# WHAT YOU ARE ASKED TO DO
From the line containing "9,000원/월대학 병원 이용시" down to the last line of the listing, quote everything word for word, and nothing else, keeping pictures out.

# DATA SECTION
____
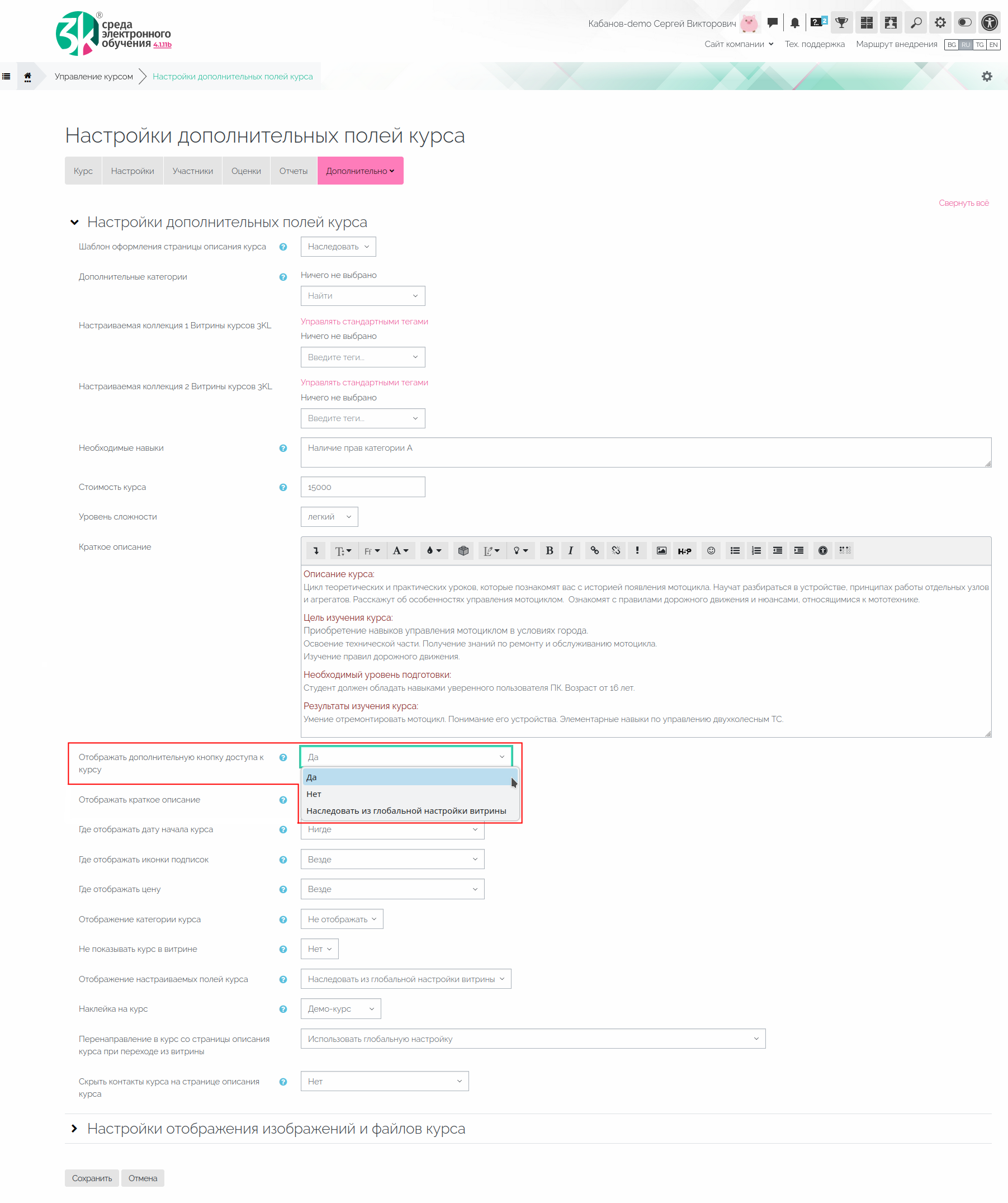 Настройка «Отображать дополнительную кнопку доступа к курсу» на странице «Настройки дополнительных полей курса»
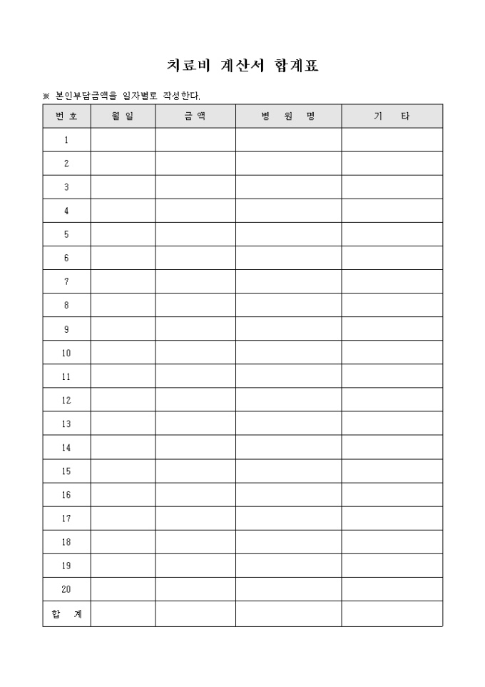 9,000원/월대학 병원 이용시 치료비에 대한 내용을 기재할 수 있는 치료비 계산서 합계표 양식입니다. 월일과 금액, 병원명 등의 항목을 기재할 수 있습니다.
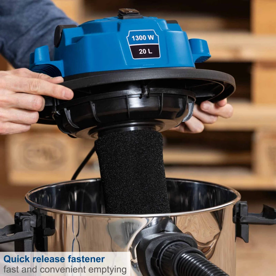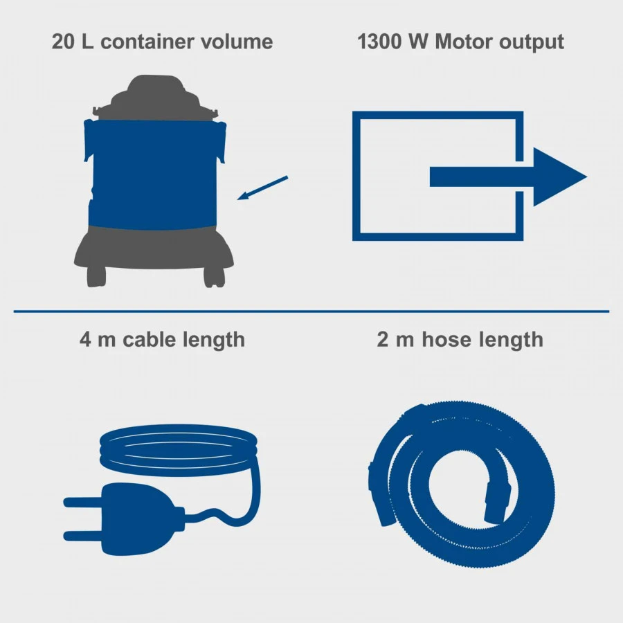 Scheppach elektriskais mitrās/sausās tīrīšanas putekļsūcējs VC20, 20 kPa, 20 L savākšanas tvertne, 1300 W, 220–240 V~ / 50 / 60 Hz, 3-in-1 funkcija
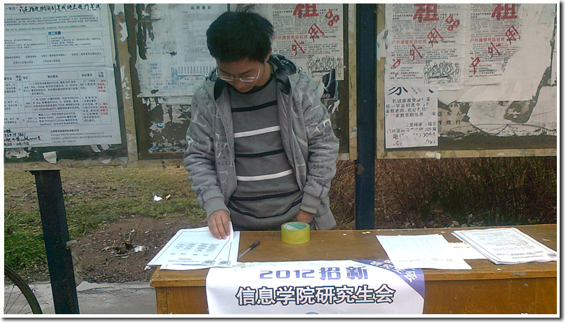 2012年春季学期伊始,信息学院研究生会根据工作的需要,开始全面策划招新活动。经过精心筹备,信息学院研究生会春季招新活动于2月17日正式拉开帷幕。
____
# ANSWER SECTION
 9,000원/월대학 병원 이용시 치료비에 대한 내용을 기재할 수 있는 치료비 계산서 합계표 양식입니다. 월일과 금액, 병원명 등의 항목을 기재할 수 있습니다.
 Scheppach elektriskais mitrās/sausās tīrīšanas putekļsūcējs VC20, 20 kPa, 20 L savākšanas tvertne, 1300 W, 220–240 V~ / 50 / 60 Hz, 3-in-1 funkcija
 2012年春季学期伊始,信息学院研究生会根据工作的需要,开始全面策划招新活动。经过精心筹备,信息学院研究生会春季招新活动于2月17日正式拉开帷幕。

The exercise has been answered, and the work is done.